An impotant part of the Talking Takes Off (TTO) programme is to hear the views of and work with parents, carers and families.

This will ensure that key messages for parents across Luton are designed in a practical way to engage parents.

There has been lots of parental engagement opportunities over the past months including meeting parents at Picnic in the Park, and members of the TTO team have met with parents from the Parent Carer Forum, mature ESOL students and have spoken to a group of Asian Elders to promote the project and to identify ways in which it can best reach out to their families in the community.

Speech and Language Therapists provide treatment and care for children and adults who have difficulties with communication, eating and drinking and swallowing.

This includes identifying, diagnosing and supporting needs in all aspects of communication, such as interaction skills, understanding language, using language, speech sounds, stammering and voice difficulties. Working closely with the child, their parents/carers, education staff and other health professionals amongst others, we offer tailored support to each individual child linked to their specific needs, to help them communicate better in their daily lives.

The Paediatric NHS Speech and Language Therapy (SALT) service in Luton is funded by Luton and Bedfordshire CCGs, with the exception of one new post for our special school’s team, which is jointly commissioned by the local authority and the CCG.

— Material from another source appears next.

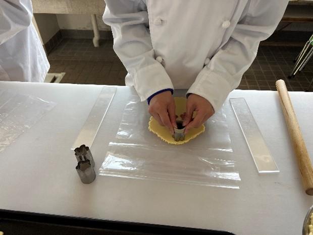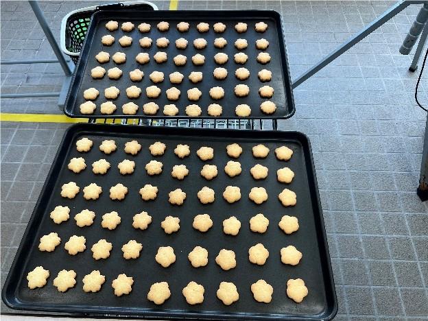 型抜きで綺麗な形を作っていました。集中力を切らさずに全ての生地を時間内に成型し、焼成し終えること
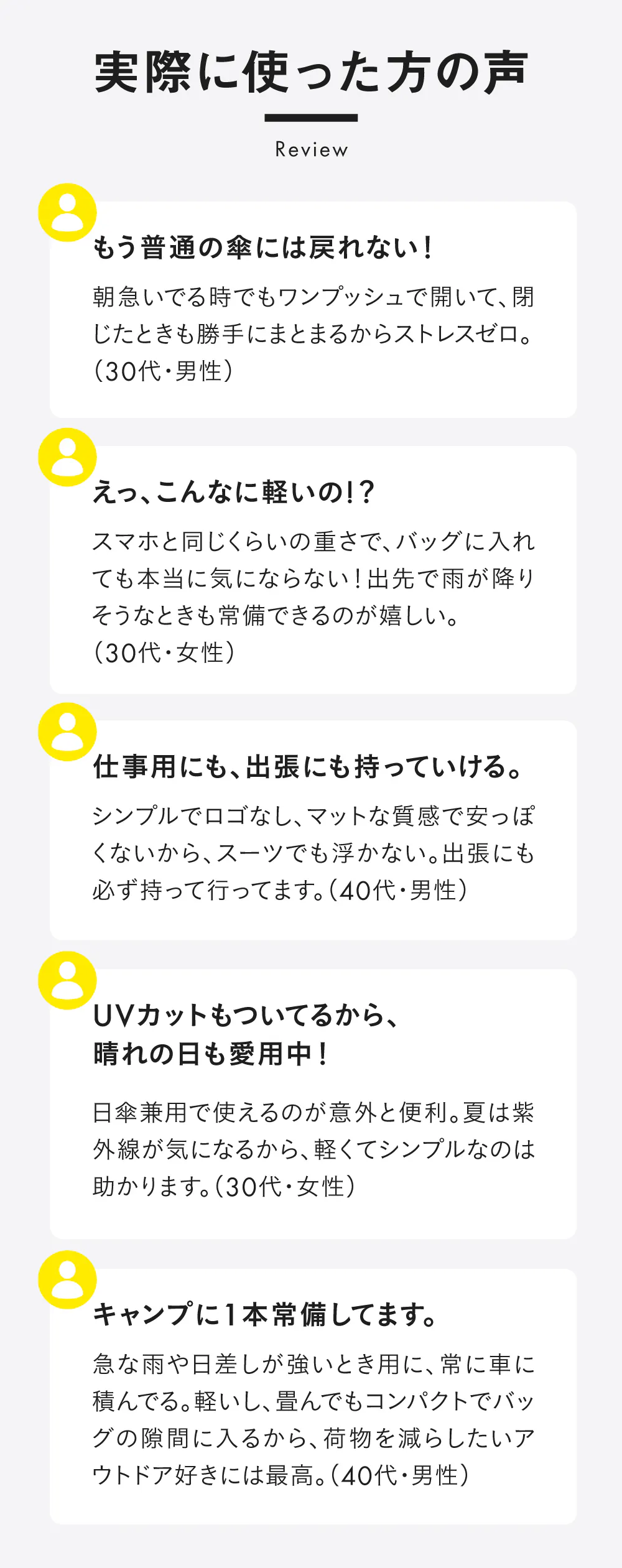 毎日バッグに入れておけるから、夏の日の突然のゲリラ豪雨にも、サッと出してパッとさせる。

The preschool team is based at two locations in Luton, Redgrave Gardens and Liverpool Road Health Centre, however we see children in a range of community settings.

At a national level, 7.6% of children (two in every class of 30) start school with a Developmental Language Disorder and a further 2.3% of children start school with a language disorder linked to another condition, such as learning difficulties or hearing problems.

At the time of writing, we have 484 children on our preschool caseloads. There are 1,300 children on our entire Luton paediatric caseload, which includes the preschool children, school aged children in both mainstream and special schools and our Youth Offending Service post.

This is covered by a total of 7.3 whole time equivalent Speech and Language Therapists when the team is fully staffed.

Early Outcomes Fund Key Milestones for delivery 2019/2020

As part of our application for funding we developed a Theory of Change that would be the framework for our systems change for early communication and language development.

The following are some of the key milestones we will deliver as part of grant.

1. Early years Language & Communication Strategy, to be completed by June 2019.

2. Develop an Early years Language and Communication Workforce Plan offering training at a universal and specialist level. Free training will begin in October 2019.

3. Key early year’s communication and language messages to be launched from September 2019 onwards.

4. Launch of the new Early Year’s communication and language pathway September 2019.

5. Launch of new screening tool September 2019.

6. Establish Communication Champions at elected members, strategic leaders and operational leader’s levels from the summer onwards.

7. Develop our sustainability plan linking with Flying Start.

The Theory of Change visit www.flyingstartluton.com/wp-content/uploads/2019/06/Ap pendix-I-Theory-of-Change.pdf

A DAY IN THE LIFE OF… an ICAN Volunteer

ICAN volunteers are volunteers who have been trained on babies brain development and early communication and language messages. They work in the community to share this information with parents. My childminding day starts at 7.30 and ends at 6pm with my daily drop off and pick up and handovers which naturally offers opportunities to include key messages from ICAN. Once all my minded children have arrived, we routinely go to a childminder group, the zoo or park, these locations once again offer the opportunity for me to come into contact with other practitioners, parents and carers. It never ceases to amaze me how I get chatting about ICAN and dependent on the audience, gauging which message to share. The school walk offers another great opportunity chatting to parents who are going to collect their children with younger siblings in tow. Reflecting on the audience I have at my disposal is never ending and includes ‘Beavers’ where I am an assistant leader. Even on my days off I find myself chatting to various people at appointments such as the hairdressers, doctors, at the gym and lots more besides. My eyebrow technician is my classic example of how important and easily shared the key messages are in the community. She was pregnant and I shared one key message – communication starts before birth.